What is Sotac Pharmaceuticals Limited stock?
SOTAC is the ticker symbol for Sotac Pharmaceuticals Limited, listed on NSE.
Founded in 2015 and headquartered in Ahmedabad, Sotac Pharmaceuticals Limited is a Pharmaceuticals: Major company in the Health technology sector.
What you'll find on this page: What is SOTAC stock? What does Sotac Pharmaceuticals Limited do? What is the development journey of Sotac Pharmaceuticals Limited? How has the stock price of Sotac Pharmaceuticals Limited performed?
Last updated: 2026-05-15 07:05 IST
About Sotac Pharmaceuticals Limited
Quick intro
Sotac Pharmaceuticals Limited (SOTAC) is a leading Indian pharmaceutical manufacturer specializing in contract manufacturing and loan licensing for a diverse therapeutic portfolio, including anti-diabetics and antibiotics.
As of FY2025 (March 31, 2025), the company reported a consolidated total income of approximately ₹100.88 crore, reflecting a 3.29% decline from the previous year. Despite the revenue dip, its FY2025 consolidated net profit stood at ₹9.28 crore. The stock is listed on the NSE SME platform, currently trading around ₹117 with a market capitalization of approximately ₹129 crore.
Basic info
Sotac Pharmaceuticals Limited Business Overview
Sotac Pharmaceuticals Limited (SOTAC) is a prominent Indian pharmaceutical company specializing in the manufacturing and marketing of high-quality pharmaceutical formulations. Based in Ahmedabad, Gujarat, the company operates primarily as a Contract Development and Manufacturing Organization (CDMO), providing comprehensive solutions to major domestic and international pharmaceutical players.
Core Business Segments
1. Contract Manufacturing (CDMO): This is the backbone of SOTAC's revenue. The company manufactures a wide array of dosage forms for third-party pharmaceutical marketers. Their capabilities include:
· Oral Solids: Tablets (coated, uncoated, film-coated, enteric-coated) and Capsules (hard gelatin).
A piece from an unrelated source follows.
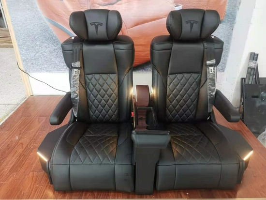 特斯拉Y座椅改装升级航空座椅,特斯拉Y改装航空座椅商务座具备按摩、加热、通风、电动前后、电动靠背调节、电动腿托、手机充电、触屏控制等强大功能

· Beta-Lactam Products: Specialized production lines for Penicillin derivatives, ensuring zero cross-contamination through dedicated facilities.
· Non-Beta-Lactam: A broad spectrum of general category medicines including analgesics, antipyretics, and anti-infectives.
· Nutraceuticals: Production of dietary supplements and vitamins to cater to the growing wellness market.
2. Product Categories: SOTAC’s portfolio covers diverse therapeutic areas such as Anti-Diabetic, Cardiology, Gynecology, Nephrology, and Anti-Infectives. As of the latest fiscal updates in 2024, the company manages over 500+ registered product formulations.
Business Model Characteristics
Asset-Light Strategy for Clients: SOTAC allows its clients to focus on marketing and distribution while it handles the complex manufacturing, regulatory compliance, and quality control processes.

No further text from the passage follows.